Dans les métamorphoses de la question sociale, Castel (1995 : 240) estime que le salariat n’est pas né de la liberté ou du contrat, mais de la tutelle. L’imposition du travail, en effet, s’est faite d’abord dans le cadre d’une dépendance personnalisée à partir d’une localisation assignée. Au PIC, l’espace est segmenté et divisé en espace de production et espace de bureau. Le premier est celui où sont placés les ouvriers avec une ambiance thermique et psychologique négativement jugés par ces derniers.
Le salariat implique, en outre, la mise en disposition de sa personne, pendant un certain nombre d’heures, afin de travailler pour autrui. Ainsi, il [le salariat] est plutôt une forme de location de sa personne que la vente de sa force de travail. De plus, il ne connote pas seulement la misère matérielle, des situations de pauvreté, mais aussi des états de dépendance qui impliquent une sorte de sous-citoyenneté ou d’infracitoyenneté (opt.cit. 246-248).
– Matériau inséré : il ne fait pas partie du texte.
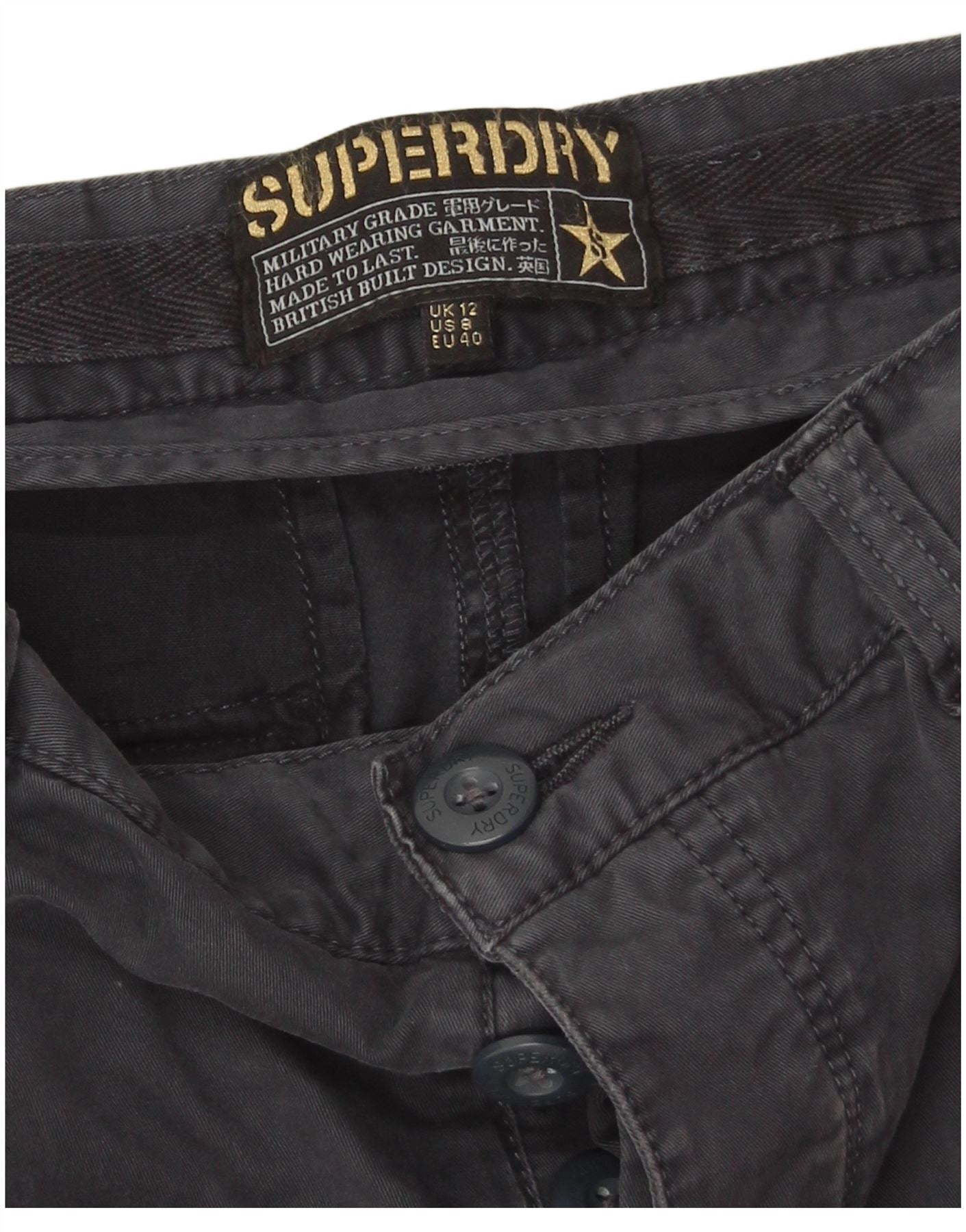 Superdry Pantalon cargo slim pour femme UK 12 Medium W32 L30 Bleu marine Coton

Les propos qui suivent en attestent.
Li vin tounen yon travay esklav e blan an ap ba’w chalè pou’l voye travay la ale
Jan nou travay la e tan an tou fè ke nou pa menm ka itil tèt nou, paske li pran tout tan’w.
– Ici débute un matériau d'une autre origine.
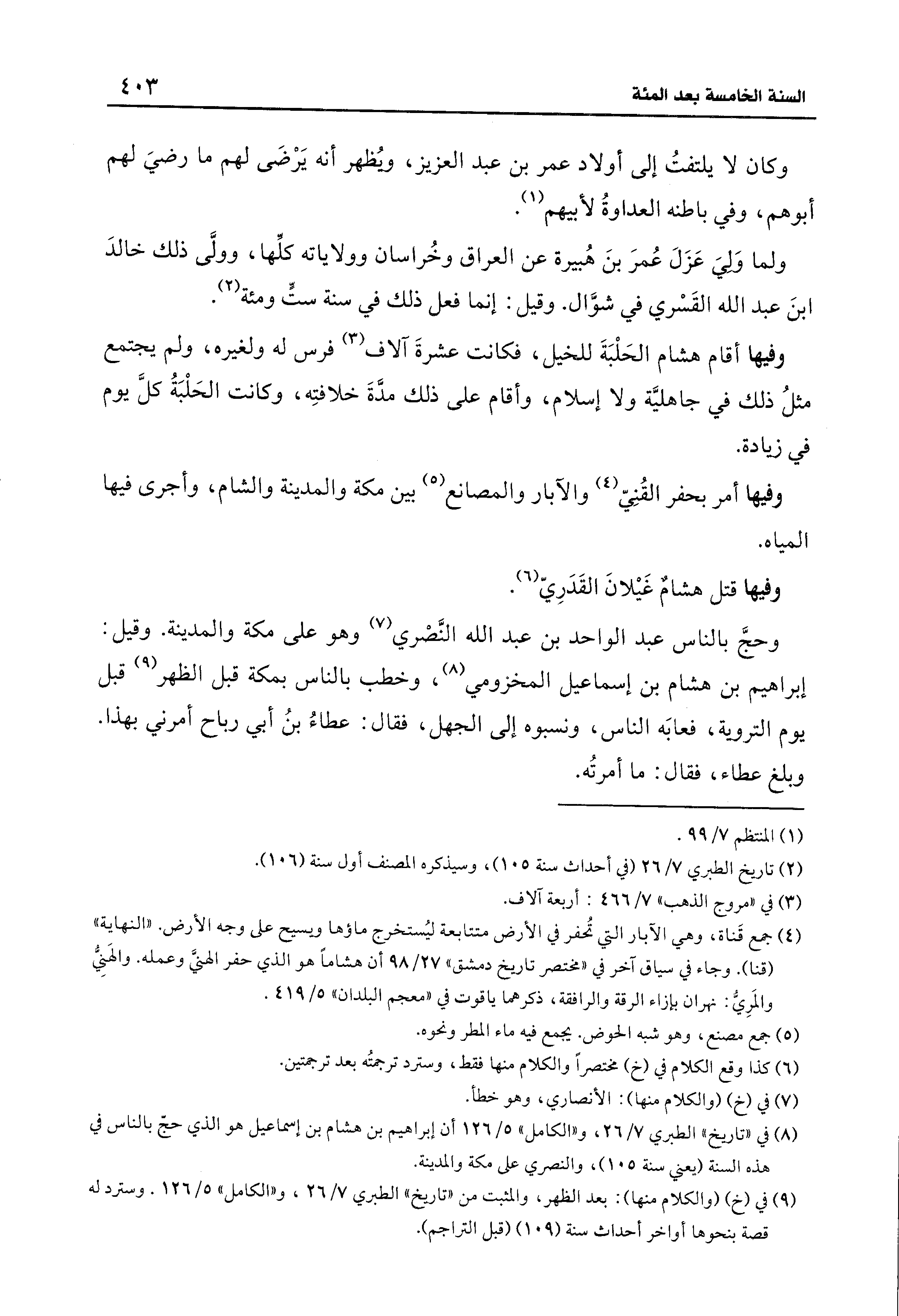 (¬8) في "تاريخ" الطبري 7/ 26، و"الكامل" 5/ 126 أن إبراهيم بن هشام بن إسماعيل هو الذي حجّ بالناس في هذه السنة (يعني سنة 105)، والنصري على مكة والمدينة.

Bon m konn vini ak tout rad la m gn yon ti kabann devan an la m tou lage kom sou li sim reveye m la pou nan mitan lannwit, sim pa reveye m la pou demen.
En dernier ressort, la logique monétaire qui commande la sphère de travail re-définit les rapports entre patrons et ouvrier, lesquels ne deviennent que des rapports d’échange monétaire. En ce sens, le profit et le coût importe plus pour les décideurs que l’ouvrier lui-même. De ce fait, l’ouvrier, comme le souligne Lapeyronnie (2005 : 87), n’est plus perçu comme un être humain, mais c‘est un coût, un moyen et non une fin, une ressource humaine. Autrement dit, un objet et non plus un sujet. Elle implique, au final, la soumission de sa subjectivation à une autre.
ou malad, tan pou yo kite’w ale yo pito diw rete saw ka fè wa fè. Sèl si yo wè bagay la grav anpil yo ka baw lese pase paske yo pap kite moun mouri sou kont yo
Yap baw anpil presyon, manager haitien ap rele sou wou, sipèvizè jeneral ap rele sou ou. Si yo te bay baton pou bat ou chak jou moun tap pran baton. Se gwo rèl, frape tab pow ! pow ! pow !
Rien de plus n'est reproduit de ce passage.